■ MATERIAL FOR THIS TASK ■
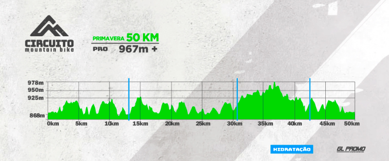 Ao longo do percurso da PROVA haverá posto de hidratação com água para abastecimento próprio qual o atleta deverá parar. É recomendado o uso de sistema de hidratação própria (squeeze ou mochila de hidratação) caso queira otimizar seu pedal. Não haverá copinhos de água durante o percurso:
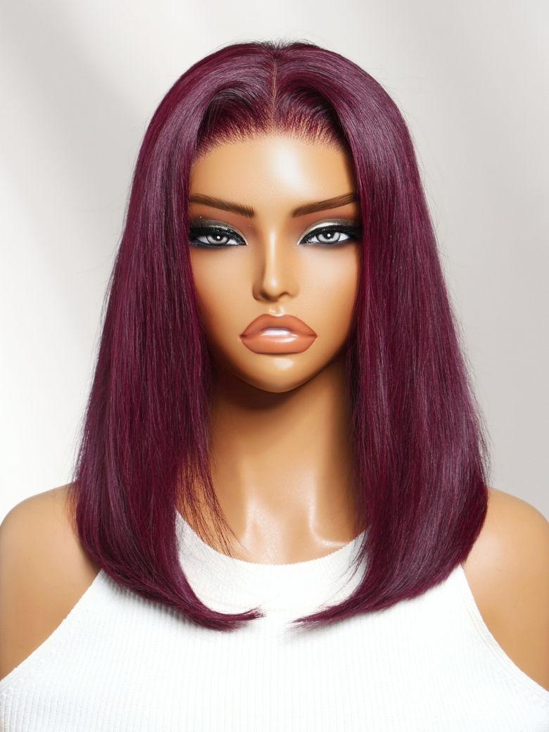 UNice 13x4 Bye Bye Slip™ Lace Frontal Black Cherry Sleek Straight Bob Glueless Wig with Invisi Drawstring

==

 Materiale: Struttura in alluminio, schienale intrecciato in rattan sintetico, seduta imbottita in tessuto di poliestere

■ WHAT THIS TASK INVOLVES ■
When you reach the line containing "Ao longo do" in the entries above, begin restating word for word, and stop once the line containing "UNice 13x4 Bye" has been given. Omit the pictures.

■ RESPONSE TO THE TASK ■
 Ao longo do percurso da PROVA haverá posto de hidratação com água para abastecimento próprio qual o atleta deverá parar. É recomendado o uso de sistema de hidratação própria (squeeze ou mochila de hidratação) caso queira otimizar seu pedal. Não haverá copinhos de água durante o percurso:
 UNice 13x4 Bye Bye Slip™ Lace Frontal Black Cherry Sleek Straight Bob Glueless Wig with Invisi Drawstring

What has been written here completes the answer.